[Date Prev] [Date Next] [Thread Prev] [Thread Next] Indexes: Main | Date | Thread | Author

Re: [ba-ohs-talk] backlink database data


On Sat, 8 Dec 2001, Murray Altheim wrote:    (01)

> I would recommend against any programmatic changes in people's emails.
> There are legal issues to begin with. Some people have legal disclaimers
> in their signatures that are required of them in their jobs, etc.    (02)

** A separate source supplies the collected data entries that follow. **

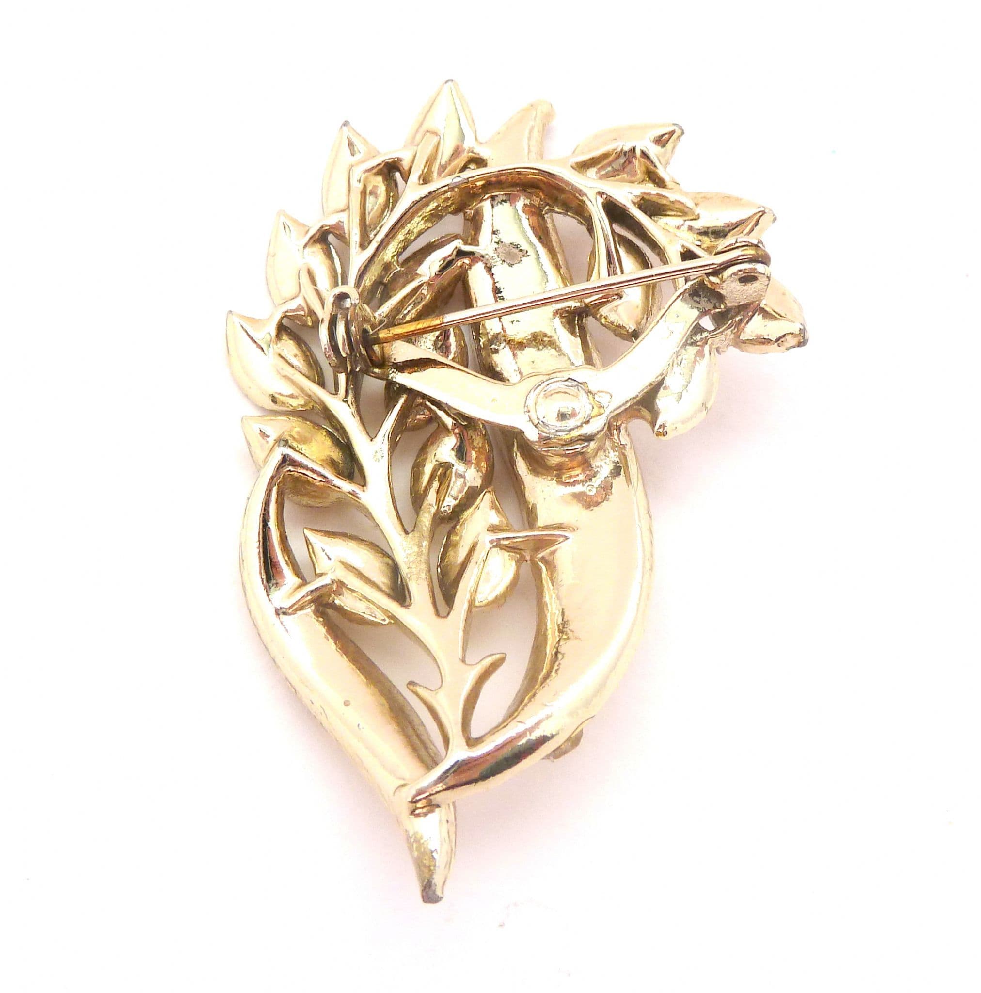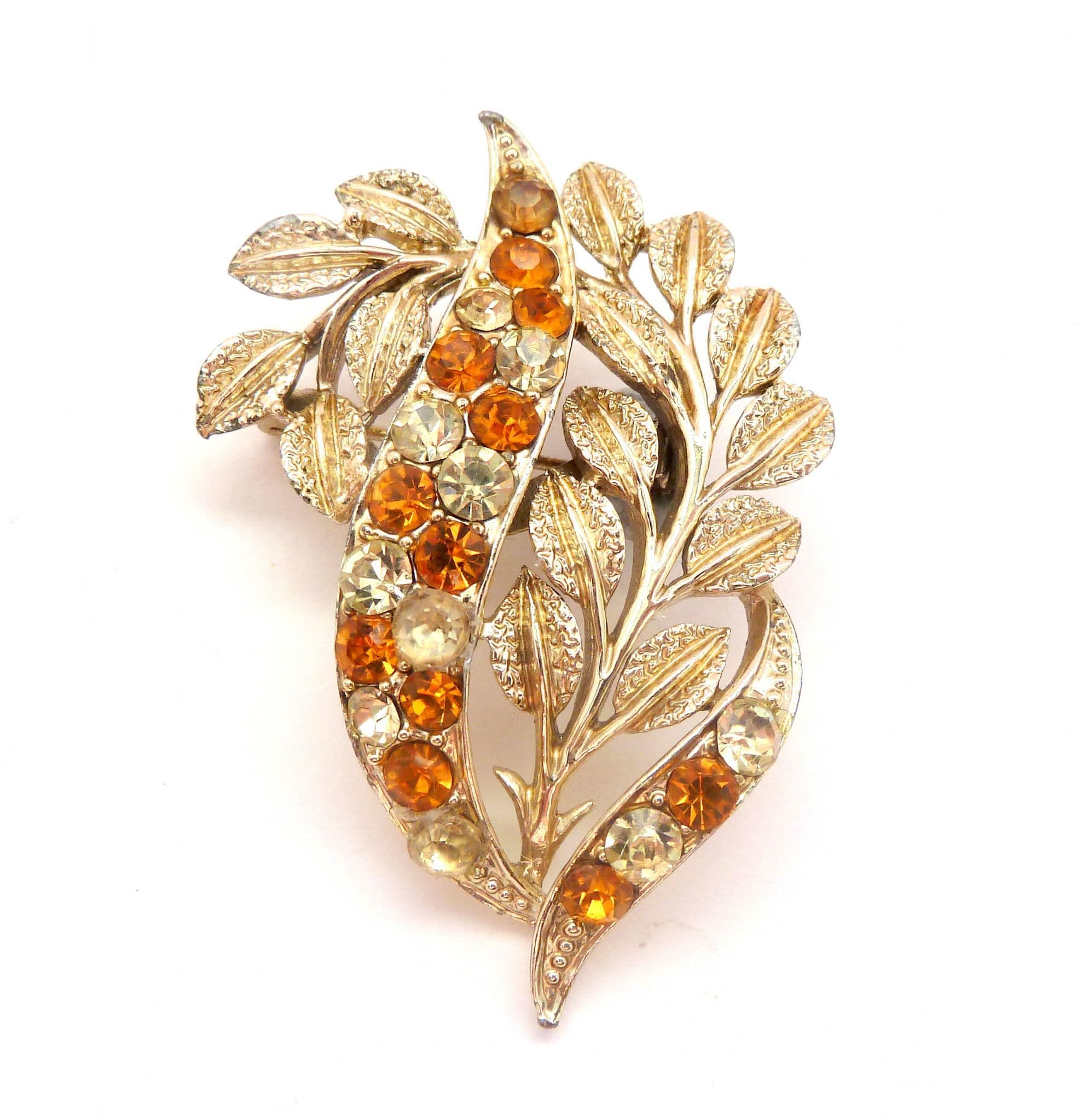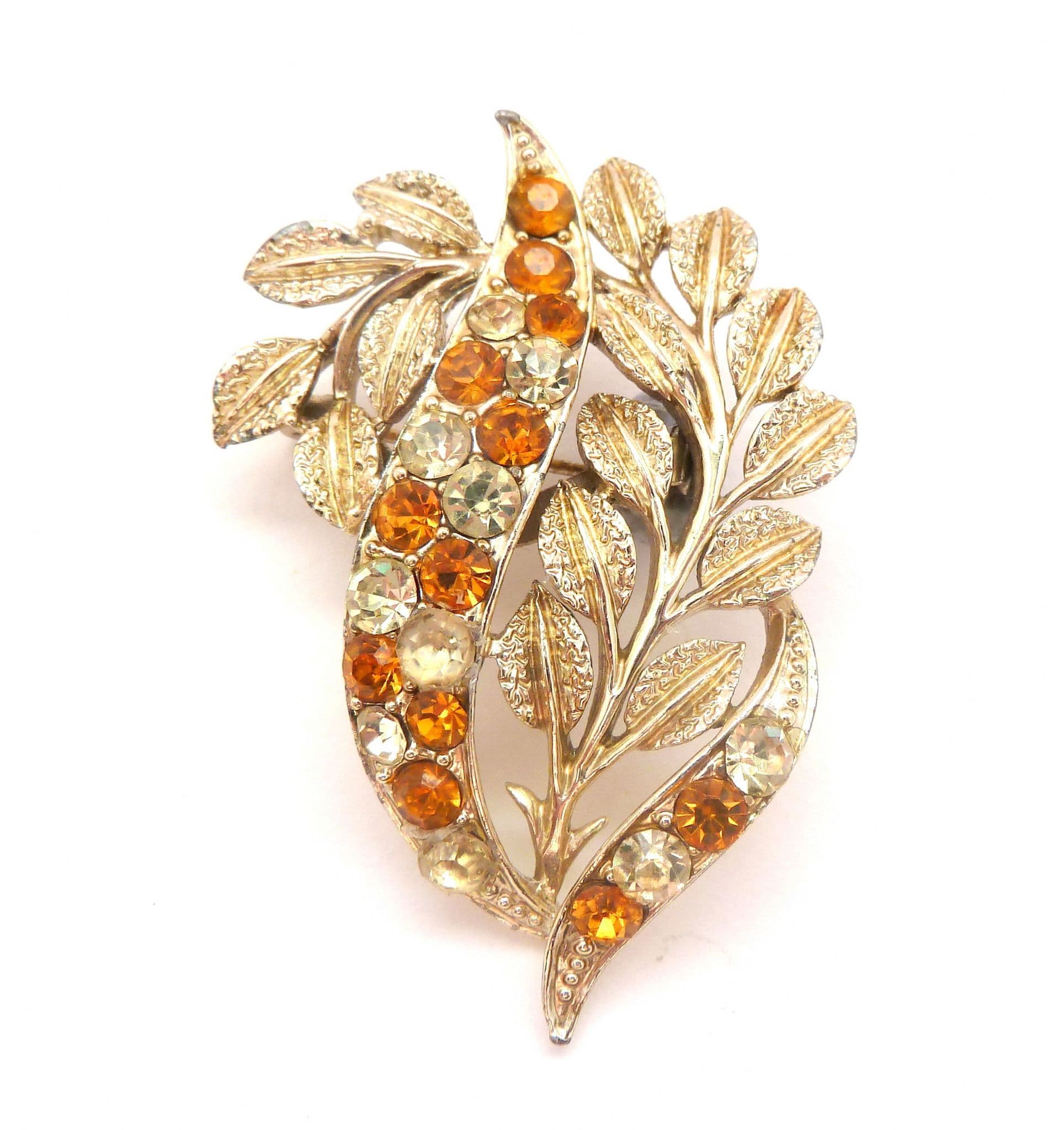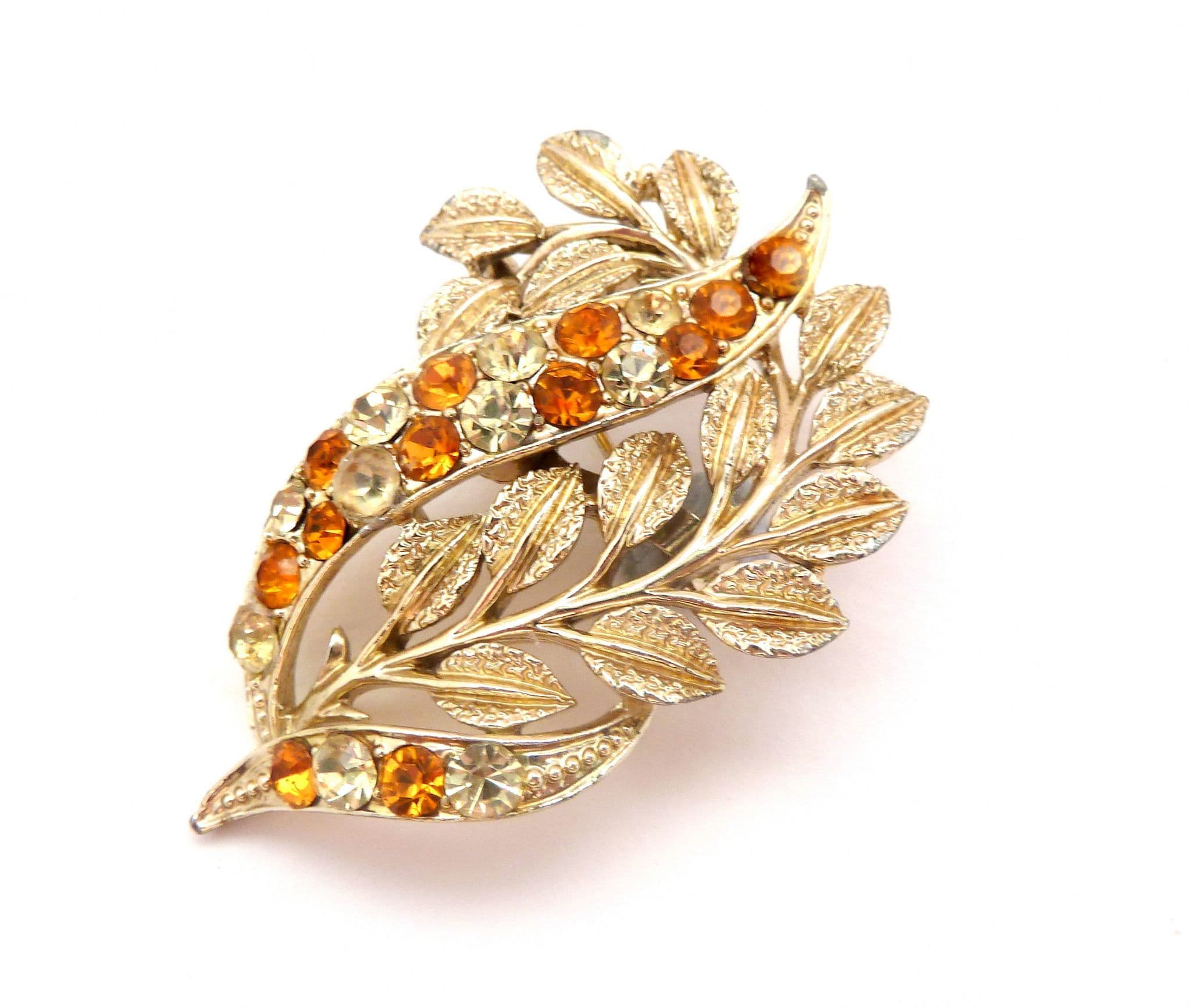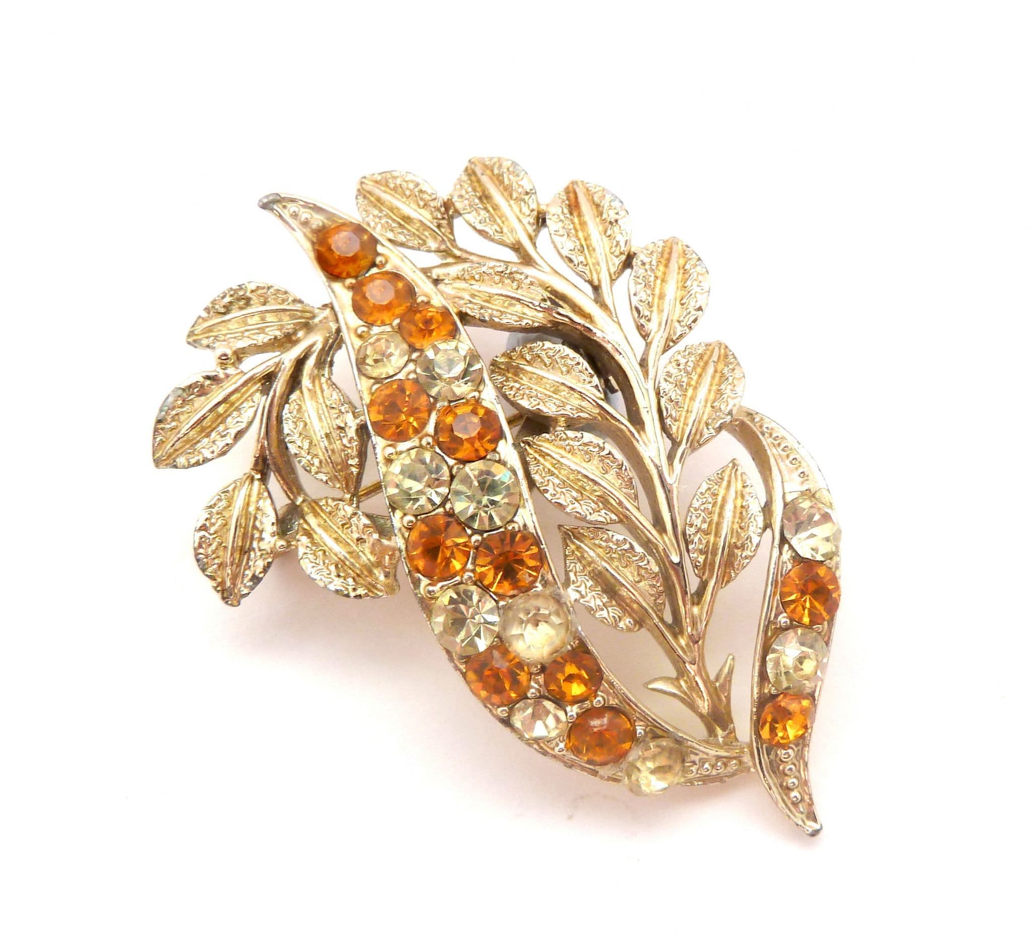 A vintage large amber and jonquil yellow rhinestone set leaf design brooch. The brooch is formed from gold tone metal in a large leaf style design set with amber and jonquil yellow coloured rhinestones. The brooch has a secure old roll over safety safety clasp fastening. Circa late 1950's - 60's.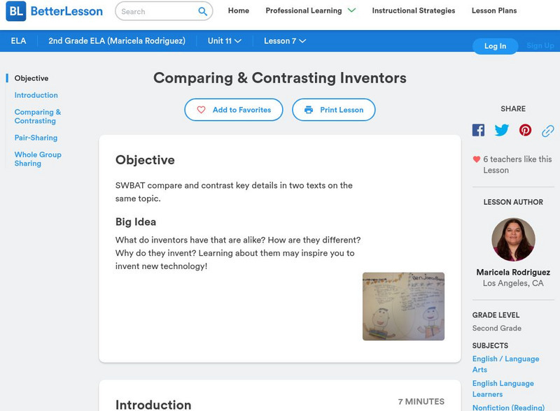 What do inventors have that are alike? How are they different? Why do they invent? Learning about them may inspire you to invent new technology! In this lesson, students will compare and contrast key details in two texts on the topic of...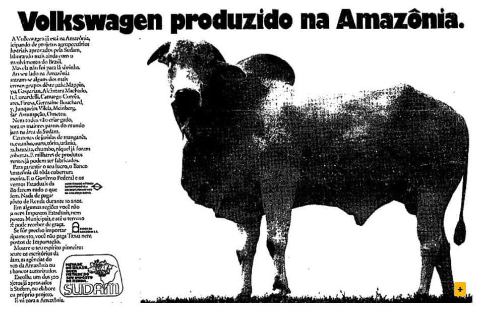 A propriedade, conhecida como Fazenda Volkswagen, foi um dos maiores projetos agropecuários implantados na Amazônia durante o regime militar, período em que o governo incentivava empresas nacionais e multinacionais a investirem na ocupação da região.

By excluding .sigs, I meant excluding them when extracting backlinks, not
removing them from the e-mail.    (03)

> Secondly, because signatures are not consistent, and because code
> segments are included in this type of list and are unpredictable, it's
> likely that any selected algorythm would truncate a message here or
> there. And what's the real value here? A small amount of saving in
> diskspace or downloaded content at the expense of modifying the content
> that people send to a list.    (04)

Correcting the context of this comment, this is still an interesting
point.  Would excluding .sigs from processing really help improve the
"quality" of the data in the backlink database?    (05)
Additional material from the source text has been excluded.